▶ _EXERCISE DIRECTIONS_:
As you reproduce every line below, keep it exactly as written and leave out the images.

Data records
+++

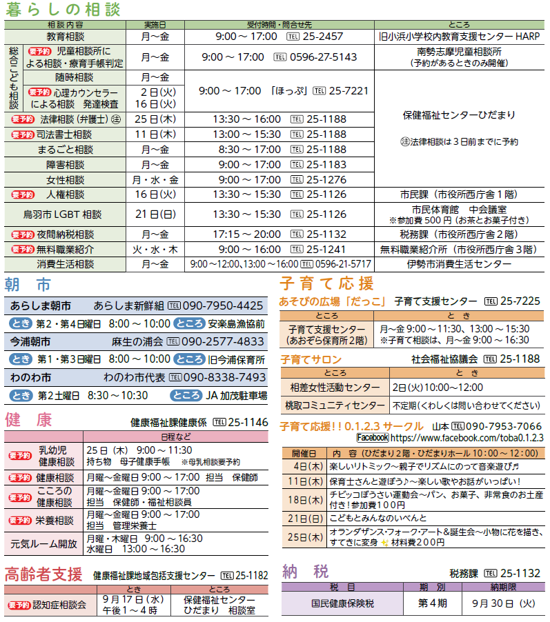 くらし 9月(September)生活カレンダー 34/36 前の記事 次の記事 発行日 : 2025年09月01日 自治体名 : 三重県鳥羽市 広報紙名 : 広報とば 令和7年9月1日号 Tweet シェアする 市の人口 編集後記 広報マン
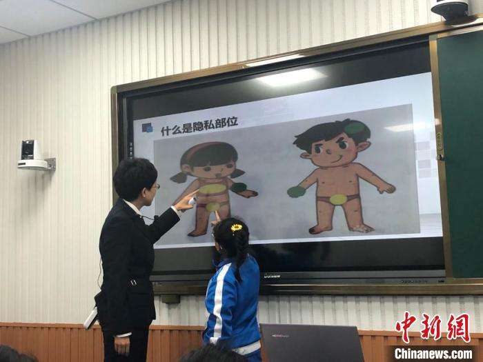 中新网吉林11月19日电 (石洪宇)19日,吉林省蛟河市人民检察院检察官走进当地学校的课堂,向小学生们讲授如何预防性侵。这所学校的师生通过录播或直播的方式观看了此次课程。
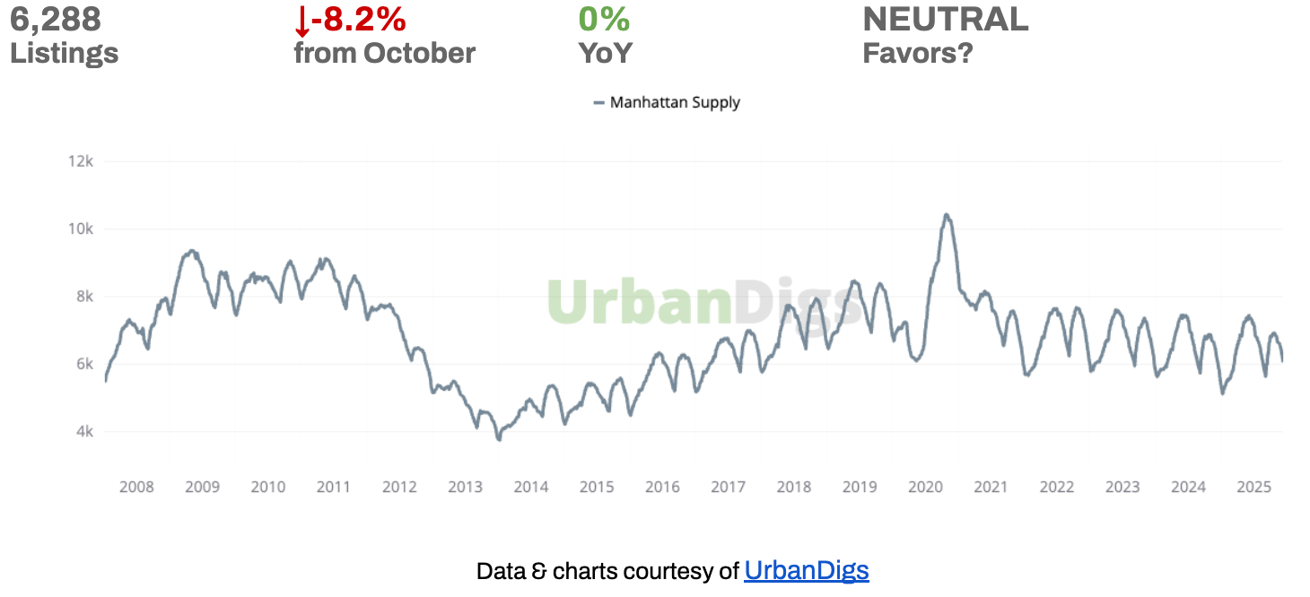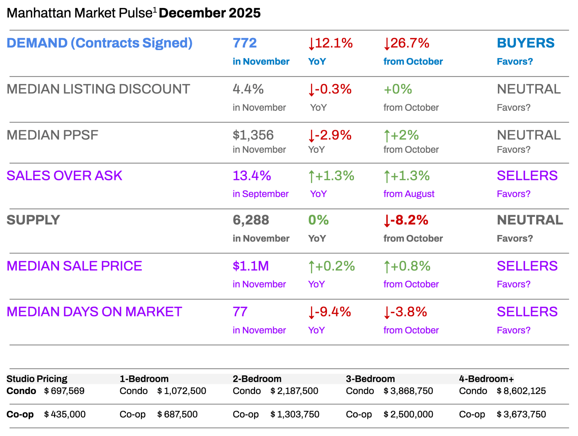 Overall, Manhattan closes out 2025 on stable footing: cooled activity, firm pricing, and tight inventory signal a cautiously optimistic runway into 2026.
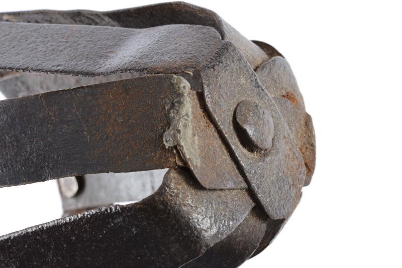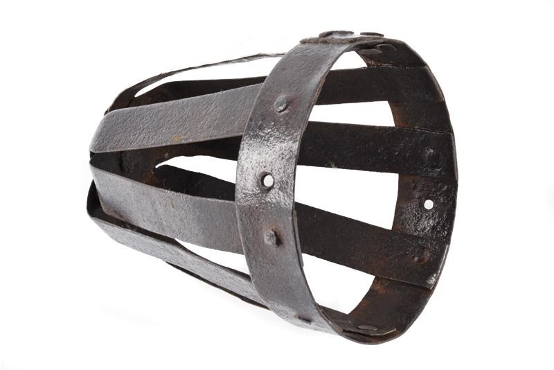 Realizzata con bande di ferro congiunte sul lato anteriore e tenute da una doga sul retro. Due ribattini di restauro e due doghe con piccola riparazione. In patina bruna.
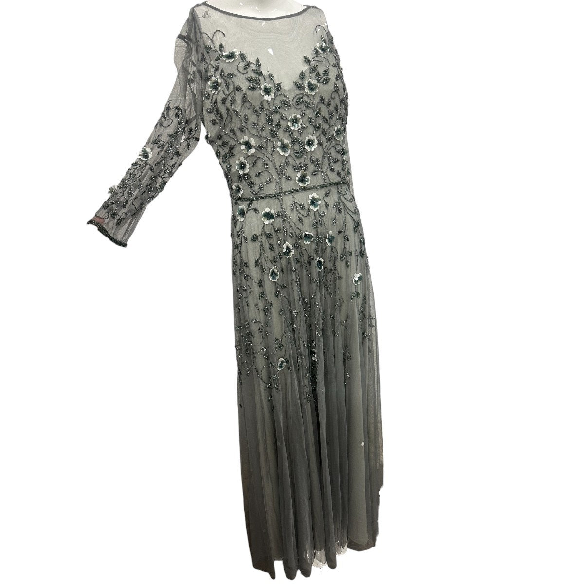 Theia Floral Applique Long Sleeve Maxi Dress showcases romantic floral appliqués with elegant long sleeves for a refined, feminine silhouette. Flowing to a full-length hem, it’s a timeless choice for formal events and special occasions.
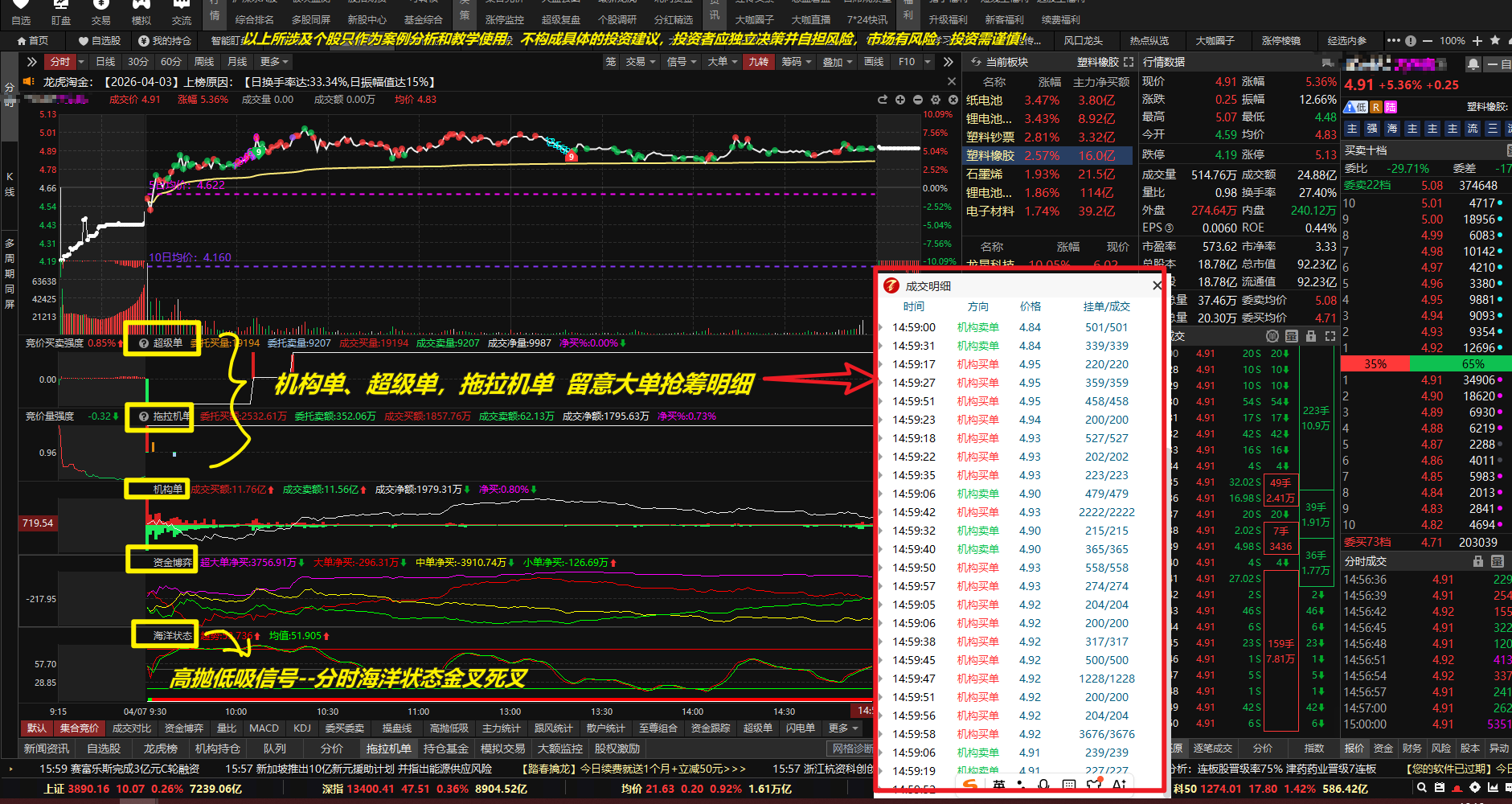 分时技巧:可以把机构单,拖拉机单,超级单,资金博弈,海洋状态在分时逐个加入进去,方便看盘。 看大单抢筹明细, 海洋状态看低吸高抛为主。金叉低吸,死叉高抛,方便做T和寻找低吸点。下图是分时技巧,对照看。
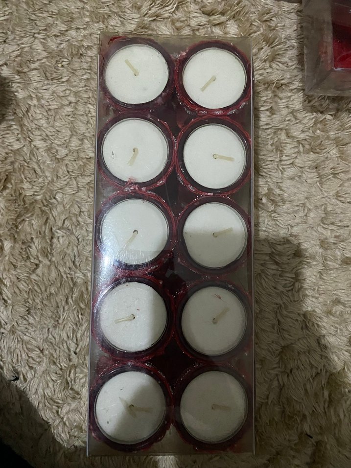 Kırmızı tutuculu 10 adet beyaz dekoratif mum seti, sıcak bir ortam yaratmak için uygundur. ️sıfır üründür
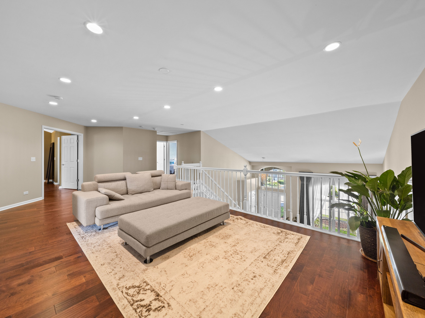 Welcome to this rarely available, largest model in the highly sought-after Ivy Club within District 27! This beautifully updated townhome perfectly combines elegance with modern comfort. A grand two-story foyer welcomes you in, with a sparkling crystal chandelier and gleaming hardwood floors setting the tone for the refined design found throughout. Vaulted ceilings and grand windows open to formal living and dining rooms accented by detailed millwork, hardwood flooring, and a convenient wet bar-ideal for entertaining! The updated kitchen features granite countertops, newly refinished cabinetry, premium stainless steel appliances, pantry closet, and a central island, offering plentiful counter space and abundant storage! A bright breakfast nook opens to a private deck for seamless indoor-outdoor living. The inviting family room offers a warm and comfortable gathering space with recessed lighting and hardwood floors. Completing the main level is a stylish and modern half bath and well-appointed laundry room. Upstairs, the spacious primary suite offers a double-door entry, dual walk-in closets with custom built-ins, and a spa-inspired bath with dual granite vanities, soaking tub, and separate shower. Two additional bedrooms with custom closets, a versatile loft overlooking the living room, and an updated hall bath complete the upper level. The finished basement adds more exceptional living space with a large recreation room, office or additional bedroom, workout area, and extra storage for all your needs year round. Additional highlights include a recently renovated deck, updated mechanicals and attached two-car garage. Recent HOA updates include roof, gutters, deck, and repaired and repainted siding. Enjoy low-maintenance living in one of Northbrook's premier communities-where quality craftsmanship, thoughtful updates, and an unbeatable location make this home truly exceptional!
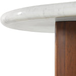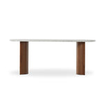 A study in shape. Seasoned brown acacia forms the crescent-shaped legs of this console table, topped with Italian white marble to bring an organic presence to the living room or entryway.
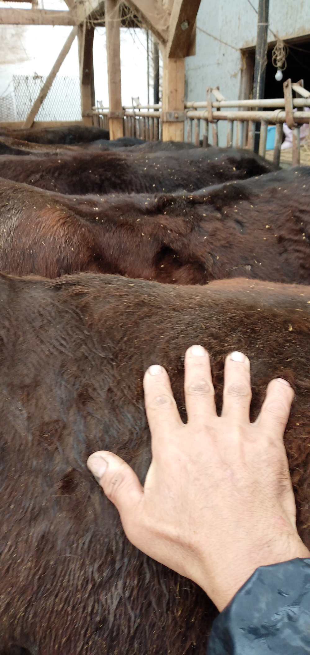 昨日の朝から雨でなんだかやけに寒い。乗鞍岳は雪だろうなーと思いながら仕事してました、実際海抜1000mくらいは雪が降っているとFB仲間から連絡あり。余りに手が冷たいから牛さんをハグ!ついでにお尻に触って!温け~平均体温38.5℃牛さんがモー、セクハラですやめてくれださいと一声!
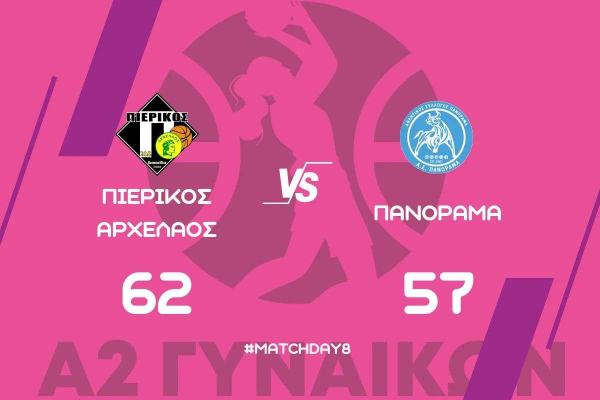 Ο Πιερικός Αρχέλαος επικράτησε με 62-57 επί του Πανοράματος στο Κλειστό Γυμναστήριο Σιδηροδρομικού Σταθμού Κατερίνης σε αγώνα για την 8η αγωνιστική του 2ου ομίλου της Α2 Εθνικής Κατηγορίας Γυναικών.
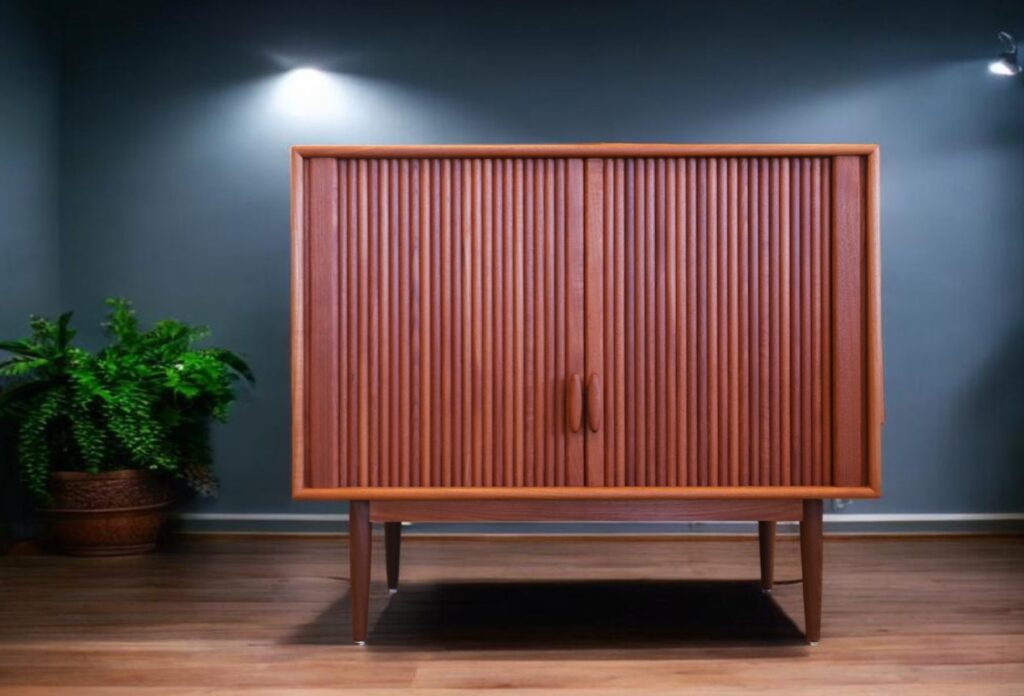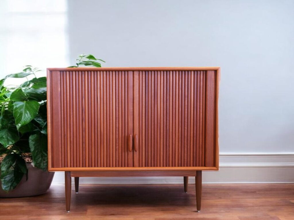 Det här är verkligen en underbar möbel som utmärker sig med sin design, sina fina detaljer och sin gedigna känsla. Skåpet är tillverkat av RT Möbel i Tyskland och gjort i teak som ger ett tidlöst, varmt och stabilt intryck.

+++

▶ _SOLUTION_:
 くらし 9月(September)生活カレンダー 34/36 前の記事 次の記事 発行日 : 2025年09月01日 自治体名 : 三重県鳥羽市 広報紙名 : 広報とば 令和7年9月1日号 Tweet シェアする 市の人口 編集後記 広報マン
 中新网吉林11月19日电 (石洪宇)19日,吉林省蛟河市人民检察院检察官走进当地学校的课堂,向小学生们讲授如何预防性侵。这所学校的师生通过录播或直播的方式观看了此次课程。
 Overall, Manhattan closes out 2025 on stable footing: cooled activity, firm pricing, and tight inventory signal a cautiously optimistic runway into 2026.
 Realizzata con bande di ferro congiunte sul lato anteriore e tenute da una doga sul retro. Due ribattini di restauro e due doghe con piccola riparazione. In patina bruna.
 Theia Floral Applique Long Sleeve Maxi Dress showcases romantic floral appliqués with elegant long sleeves for a refined, feminine silhouette. Flowing to a full-length hem, it’s a timeless choice for formal events and special occasions.
 分时技巧:可以把机构单,拖拉机单,超级单,资金博弈,海洋状态在分时逐个加入进去,方便看盘。 看大单抢筹明细, 海洋状态看低吸高抛为主。金叉低吸,死叉高抛,方便做T和寻找低吸点。下图是分时技巧,对照看。
 Kırmızı tutuculu 10 adet beyaz dekoratif mum seti, sıcak bir ortam yaratmak için uygundur. ️sıfır üründür
 Welcome to this rarely available, largest model in the highly sought-after Ivy Club within District 27! This beautifully updated townhome perfectly combines elegance with modern comfort. A grand two-story foyer welcomes you in, with a sparkling crystal chandelier and gleaming hardwood floors setting the tone for the refined design found throughout. Vaulted ceilings and grand windows open to formal living and dining rooms accented by detailed millwork, hardwood flooring, and a convenient wet bar-ideal for entertaining! The updated kitchen features granite countertops, newly refinished cabinetry, premium stainless steel appliances, pantry closet, and a central island, offering plentiful counter space and abundant storage! A bright breakfast nook opens to a private deck for seamless indoor-outdoor living. The inviting family room offers a warm and comfortable gathering space with recessed lighting and hardwood floors. Completing the main level is a stylish and modern half bath and well-appointed laundry room. Upstairs, the spacious primary suite offers a double-door entry, dual walk-in closets with custom built-ins, and a spa-inspired bath with dual granite vanities, soaking tub, and separate shower. Two additional bedrooms with custom closets, a versatile loft overlooking the living room, and an updated hall bath complete the upper level. The finished basement adds more exceptional living space with a large recreation room, office or additional bedroom, workout area, and extra storage for all your needs year round. Additional highlights include a recently renovated deck, updated mechanicals and attached two-car garage. Recent HOA updates include roof, gutters, deck, and repaired and repainted siding. Enjoy low-maintenance living in one of Northbrook's premier communities-where quality craftsmanship, thoughtful updates, and an unbeatable location make this home truly exceptional!
 A study in shape. Seasoned brown acacia forms the crescent-shaped legs of this console table, topped with Italian white marble to bring an organic presence to the living room or entryway.
 昨日の朝から雨でなんだかやけに寒い。乗鞍岳は雪だろうなーと思いながら仕事してました、実際海抜1000mくらいは雪が降っているとFB仲間から連絡あり。余りに手が冷たいから牛さんをハグ!ついでにお尻に触って!温け~平均体温38.5℃牛さんがモー、セクハラですやめてくれださいと一声!
 Ο Πιερικός Αρχέλαος επικράτησε με 62-57 επί του Πανοράματος στο Κλειστό Γυμναστήριο Σιδηροδρομικού Σταθμού Κατερίνης σε αγώνα για την 8η αγωνιστική του 2ου ομίλου της Α2 Εθνικής Κατηγορίας Γυναικών.
 Det här är verkligen en underbar möbel som utmärker sig med sin design, sina fina detaljer och sin gedigna känsla. Skåpet är tillverkat av RT Möbel i Tyskland och gjort i teak som ger ett tidlöst, varmt och stabilt intryck.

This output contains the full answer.